Description of the task:
Exact copy, no pictures: set down every entry below as written.

Data for processing:
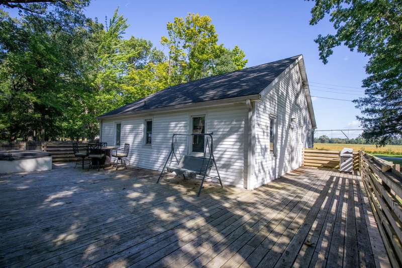 Discover peaceful country living in this beautifully remodeled 3-bedroom, 2-bath home set on a picturesque 1.53-acre lot surrounded by woods and farmland. Updated in 2015, this home features a spacious 2.5-car garage, a fenced yard, and a huge deck with a relaxing hot tub--perfect for entertaining or unwinding under the stars. Inside, the main level boasts stunning hardwood floors, a fully remodeled kitchen with soft-close cabinets, granite countertops, subway tile backsplash, and brand-new appliances. The finished basement with egress window adds valuable living space, while recent upgrades include a new furnace, central air conditioning, and updated electrical. Whether you're enjoying quiet mornings on the deck or exploring your wooded backyard, this serene retreat offers the best of country charm with modern comfort.
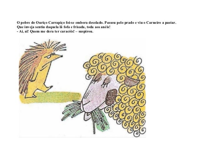 6. 6. O pobre do Ouriço Carrapiço foi-se embora desolado. Passou pelo prado e viu o Carneiro a pastar.Que inveja sentiu daquela lã fofa e frisada, toda aos anéis!- Ai, ai! Quem me dera ter caracóis! – suspirou.
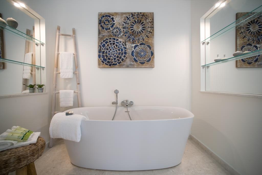 Bedrooms: Master bedroom with super-king bed, en suite shower room and large private terrace with outside bath and pergola covered daybed.
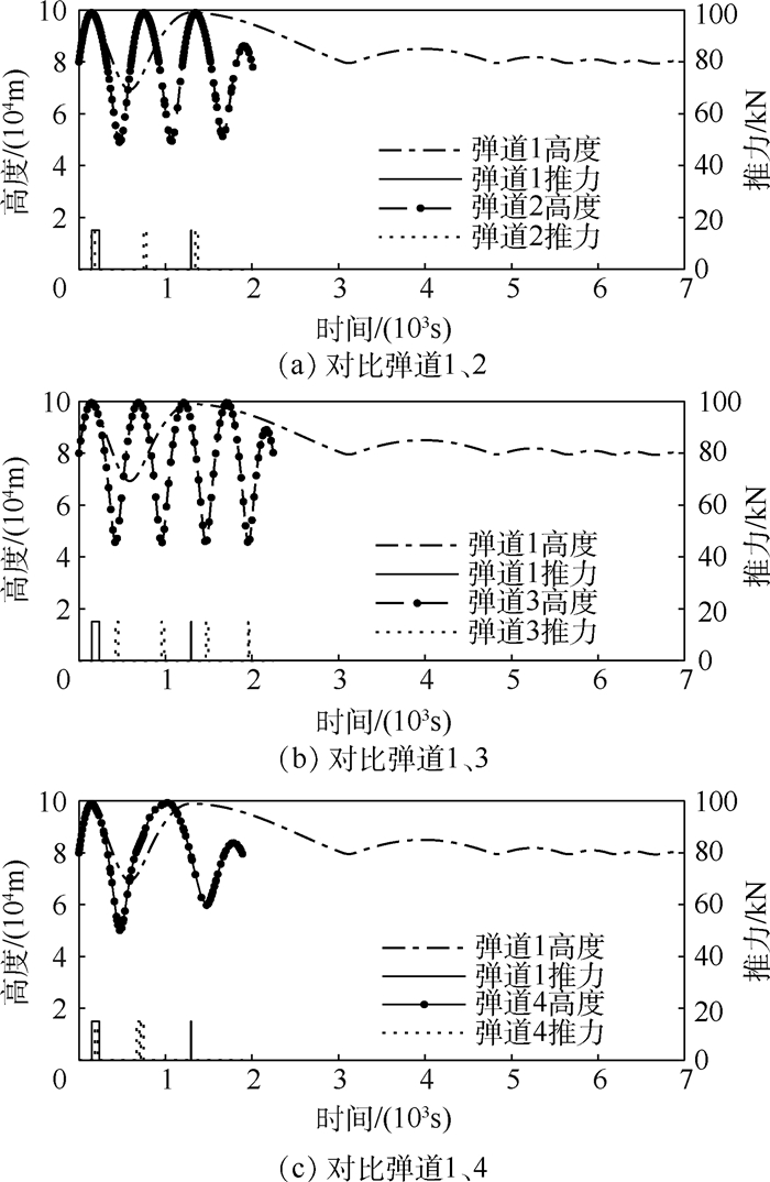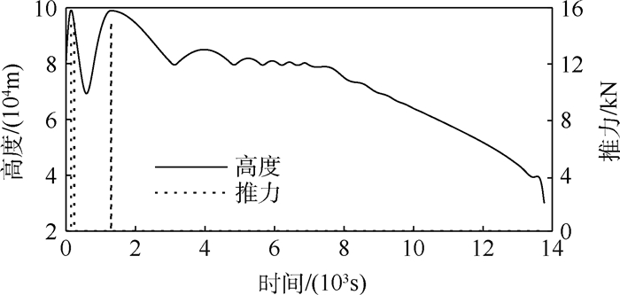 为研究飞行过程中的动力装置启动时刻及燃料消耗情况,对轨迹进行优化,进而提出一种动力增程型弹道的再入模式。推导Sanger弹道的解析解,分析得到高超声速飞行器再入航程最优所必须的迎角及初始速度取值条件等相关前提,利用该结论设计动力装置的启动方式使航程最远、燃料利用率最大。将轨迹设计为Sanger弹道和拟平衡滑翔弹道相结合的混合弹道:再入前期利用助推器间隔点火的方式形成等高类周期跳跃弹道以保证足够远的航程; 再入后期采用拟平衡滑翔弹道,将最优控制问题转化为复杂多约束非线性规划问题,性能指标综合考虑了轨迹平滑和航程。仿真实现了所提出的动力增程型再入弹道; 并在燃料充足、弹道倾角取值合适的条件下,得到“打水漂”弹道形式,该弹道能量损失极慢,具有足够远的飞行能力。仿真表明,与不同点火方式及求解方法得出的弹道相对比,所提动力增程型再入弹道具有3.47~3.84倍的航程、1.04~1.18倍的末端动能以及4.47~15.79倍的燃料利用率。
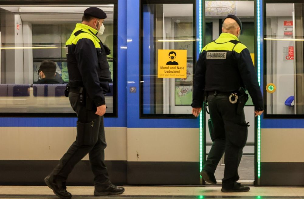 1月15日,在德国慕尼黑,戴口罩的地铁安保人员进入地铁车厢。(新华社发,菲利普·鲁伊兹摄)
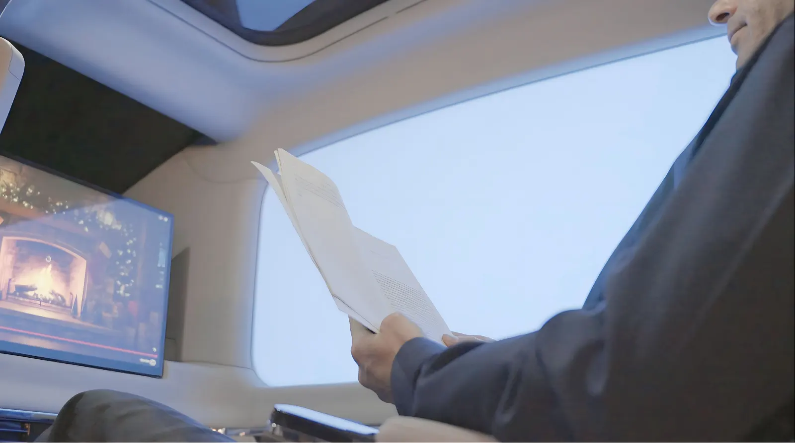 A retractable workstation with a large display and side table allows you to work, review, or create comfortably while moving through the city.
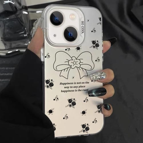 Funda híbrida para iPhone 14 Plus TPU y PC con pintura plateada (Lazo floral blanco)
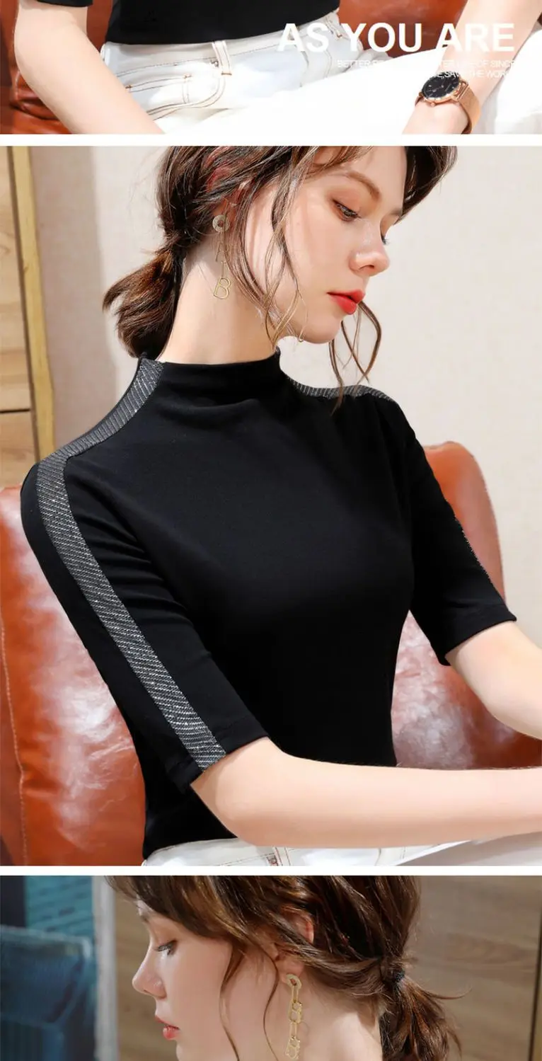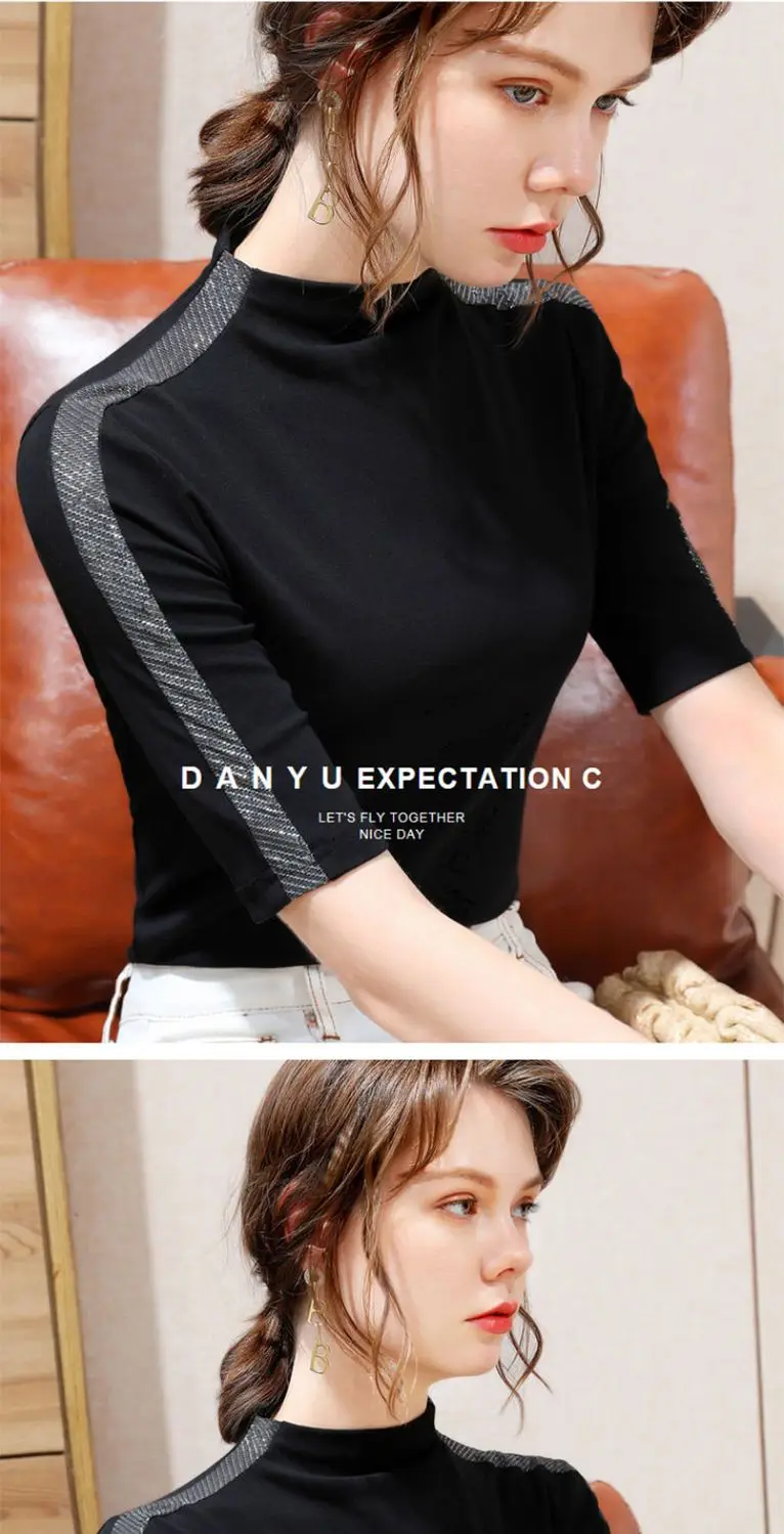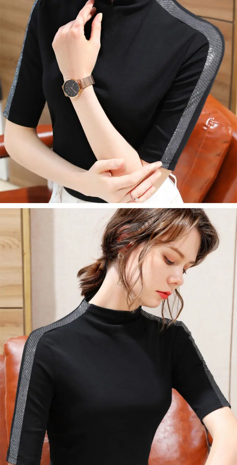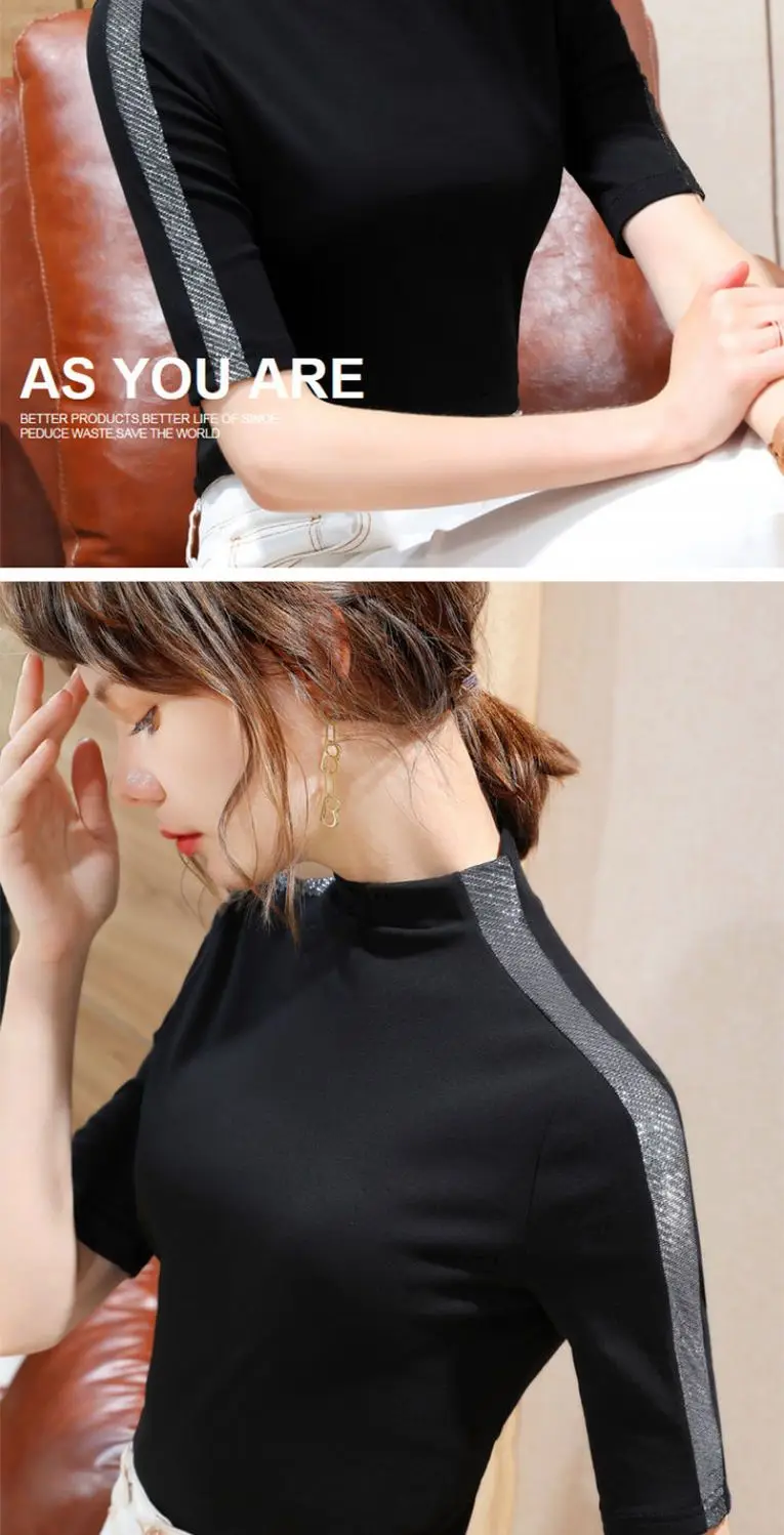 Introducing our latest addition to the 2023 Autumn Women's Fashion collection - the Black and White Contrast Medium Sleeve T-shirt. Made with high-quality cotton and featuring a unique spliced design, this t-shirt is perfect for those looking to make a statement. The half high neck adds a touch of elegance, making it a versatile piece for any occasion. Say goodbye to boring plain t-shirts and elevate your style with this premium, best-selling piece. Limited time only, get yours now while stocks last!
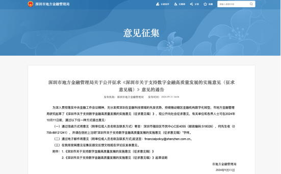 3. 深圳市地方金融管理局就《深圳市关于支持数字金融高质量发展的实施意见(征求意见稿)》公开征求意见
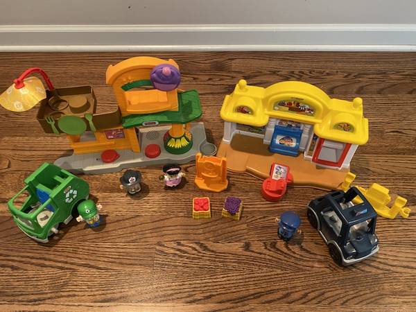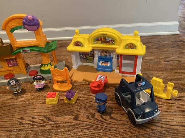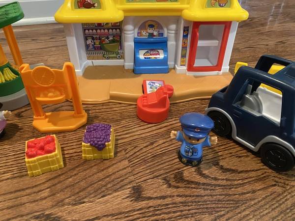 LITTLE PEOPLE MANNERS MARKETPLACE & SUPERMARKET PLUS! Little People Trucks ~ Comes with everything that is pictured Sounds work Pick up 192nd & Harrison area Text
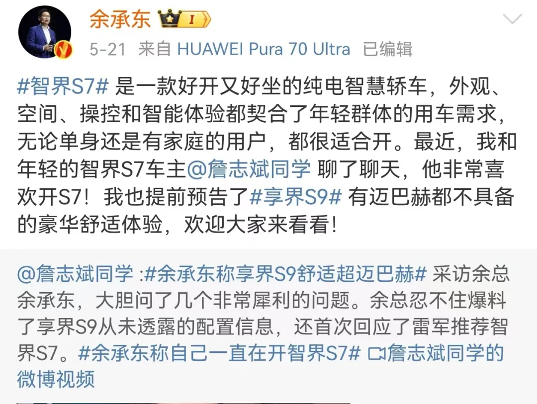 近期,餘承東的微博主要是宣傳與華為合作的各個汽車產品,例如問界、智界等產品。餘承東微博上也很喜歡用一些誇張形容詞來描述產品。比如“超強、最好、更強大、全新突破”等。
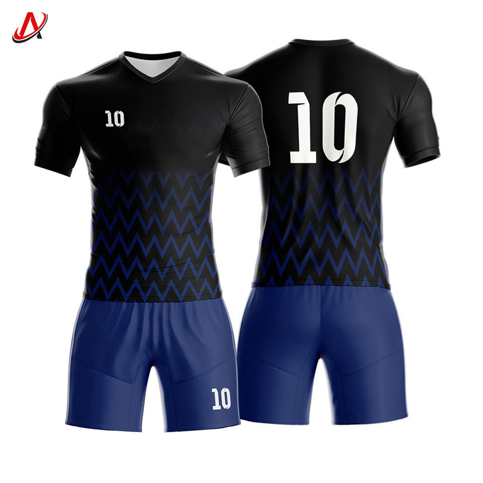 ชุดกีฬาฟุตบอลแบบแห้งเร็ว ระบายอากาศได้ดี ผลิตจากโพลีเอสเตอร์ 100% สีตามสั่ง พร้อมออกแบบชื่อทีมและชุดเสื้อและกางเกงขาสั้น
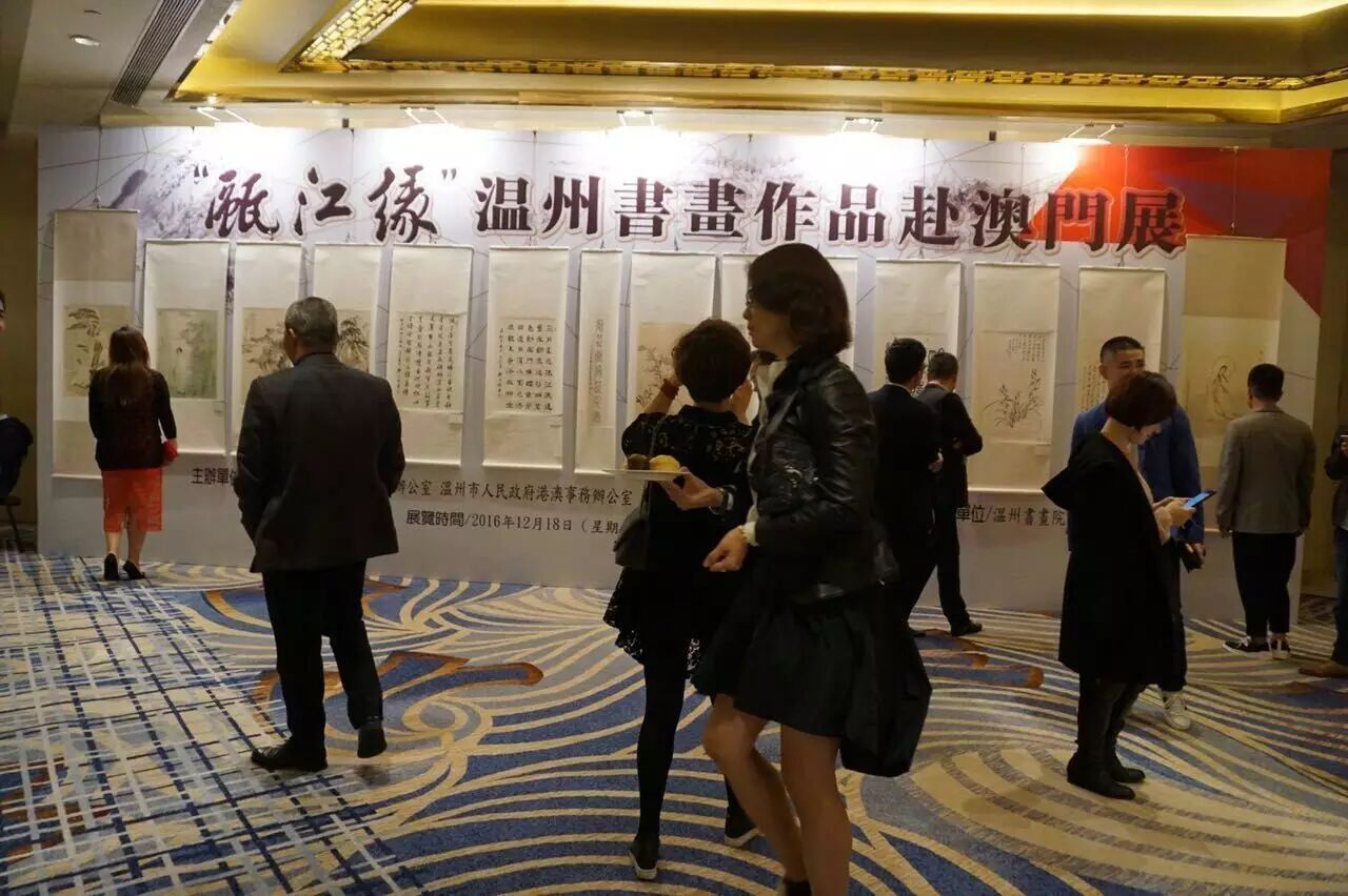 12月18日下午,“瓯江缘”温州书画作品赴澳门展在澳门新濠影汇展出,温州市人大常委会主任葛益平、温州市人民政府外事侨务办公室(港澳事务办公室)主任邱华萍、温州市委统战部副部长叶军、温州市人大民宗侨外工委副主任许瓯、澳门温州人商会会长林小冬等出席。本次展览共展出作品47件,作品在沿袭传统的基础上融合了当代特色的视觉语汇,书法作品秉“清正典雅”之风,真草篆隶行五体兼备;国画作品题材丰富,涵盖了山水、花鸟、人物等,工笔精妙、写意传神。展出期间,许多前来观展的同胞们驻足在作品前,细细观摩家乡的艺术,谈论着自己熟悉的艺术家,在异乡找到了归属感。12月21日,展览圆满结束,有关人员凯旋归来。
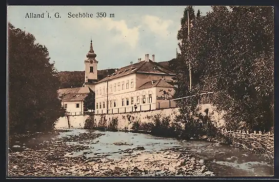 AK Alland i. G., Flusspartie mit Blick auf Gasthaus Löwe
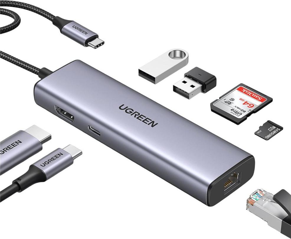 • UGREEN USB-C to 2*USB3.0+HDMI+RJ 45+SD&TF +PD port Hub (90568)

Final answer:
 Discover peaceful country living in this beautifully remodeled 3-bedroom, 2-bath home set on a picturesque 1.53-acre lot surrounded by woods and farmland. Updated in 2015, this home features a spacious 2.5-car garage, a fenced yard, and a huge deck with a relaxing hot tub--perfect for entertaining or unwinding under the stars. Inside, the main level boasts stunning hardwood floors, a fully remodeled kitchen with soft-close cabinets, granite countertops, subway tile backsplash, and brand-new appliances. The finished basement with egress window adds valuable living space, while recent upgrades include a new furnace, central air conditioning, and updated electrical. Whether you're enjoying quiet mornings on the deck or exploring your wooded backyard, this serene retreat offers the best of country charm with modern comfort.
 6. 6. O pobre do Ouriço Carrapiço foi-se embora desolado. Passou pelo prado e viu o Carneiro a pastar.Que inveja sentiu daquela lã fofa e frisada, toda aos anéis!- Ai, ai! Quem me dera ter caracóis! – suspirou.
 Bedrooms: Master bedroom with super-king bed, en suite shower room and large private terrace with outside bath and pergola covered daybed.
 为研究飞行过程中的动力装置启动时刻及燃料消耗情况,对轨迹进行优化,进而提出一种动力增程型弹道的再入模式。推导Sanger弹道的解析解,分析得到高超声速飞行器再入航程最优所必须的迎角及初始速度取值条件等相关前提,利用该结论设计动力装置的启动方式使航程最远、燃料利用率最大。将轨迹设计为Sanger弹道和拟平衡滑翔弹道相结合的混合弹道:再入前期利用助推器间隔点火的方式形成等高类周期跳跃弹道以保证足够远的航程; 再入后期采用拟平衡滑翔弹道,将最优控制问题转化为复杂多约束非线性规划问题,性能指标综合考虑了轨迹平滑和航程。仿真实现了所提出的动力增程型再入弹道; 并在燃料充足、弹道倾角取值合适的条件下,得到“打水漂”弹道形式,该弹道能量损失极慢,具有足够远的飞行能力。仿真表明,与不同点火方式及求解方法得出的弹道相对比,所提动力增程型再入弹道具有3.47~3.84倍的航程、1.04~1.18倍的末端动能以及4.47~15.79倍的燃料利用率。
 1月15日,在德国慕尼黑,戴口罩的地铁安保人员进入地铁车厢。(新华社发,菲利普·鲁伊兹摄)
 A retractable workstation with a large display and side table allows you to work, review, or create comfortably while moving through the city.
 Funda híbrida para iPhone 14 Plus TPU y PC con pintura plateada (Lazo floral blanco)
 Introducing our latest addition to the 2023 Autumn Women's Fashion collection - the Black and White Contrast Medium Sleeve T-shirt. Made with high-quality cotton and featuring a unique spliced design, this t-shirt is perfect for those looking to make a statement. The half high neck adds a touch of elegance, making it a versatile piece for any occasion. Say goodbye to boring plain t-shirts and elevate your style with this premium, best-selling piece. Limited time only, get yours now while stocks last!
 3. 深圳市地方金融管理局就《深圳市关于支持数字金融高质量发展的实施意见(征求意见稿)》公开征求意见
 LITTLE PEOPLE MANNERS MARKETPLACE & SUPERMARKET PLUS! Little People Trucks ~ Comes with everything that is pictured Sounds work Pick up 192nd & Harrison area Text
 近期,餘承東的微博主要是宣傳與華為合作的各個汽車產品,例如問界、智界等產品。餘承東微博上也很喜歡用一些誇張形容詞來描述產品。比如“超強、最好、更強大、全新突破”等。
 ชุดกีฬาฟุตบอลแบบแห้งเร็ว ระบายอากาศได้ดี ผลิตจากโพลีเอสเตอร์ 100% สีตามสั่ง พร้อมออกแบบชื่อทีมและชุดเสื้อและกางเกงขาสั้น
 12月18日下午,“瓯江缘”温州书画作品赴澳门展在澳门新濠影汇展出,温州市人大常委会主任葛益平、温州市人民政府外事侨务办公室(港澳事务办公室)主任邱华萍、温州市委统战部副部长叶军、温州市人大民宗侨外工委副主任许瓯、澳门温州人商会会长林小冬等出席。本次展览共展出作品47件,作品在沿袭传统的基础上融合了当代特色的视觉语汇,书法作品秉“清正典雅”之风,真草篆隶行五体兼备;国画作品题材丰富,涵盖了山水、花鸟、人物等,工笔精妙、写意传神。展出期间,许多前来观展的同胞们驻足在作品前,细细观摩家乡的艺术,谈论着自己熟悉的艺术家,在异乡找到了归属感。12月21日,展览圆满结束,有关人员凯旋归来。
 AK Alland i. G., Flusspartie mit Blick auf Gasthaus Löwe
 • UGREEN USB-C to 2*USB3.0+HDMI+RJ 45+SD&TF +PD port Hub (90568)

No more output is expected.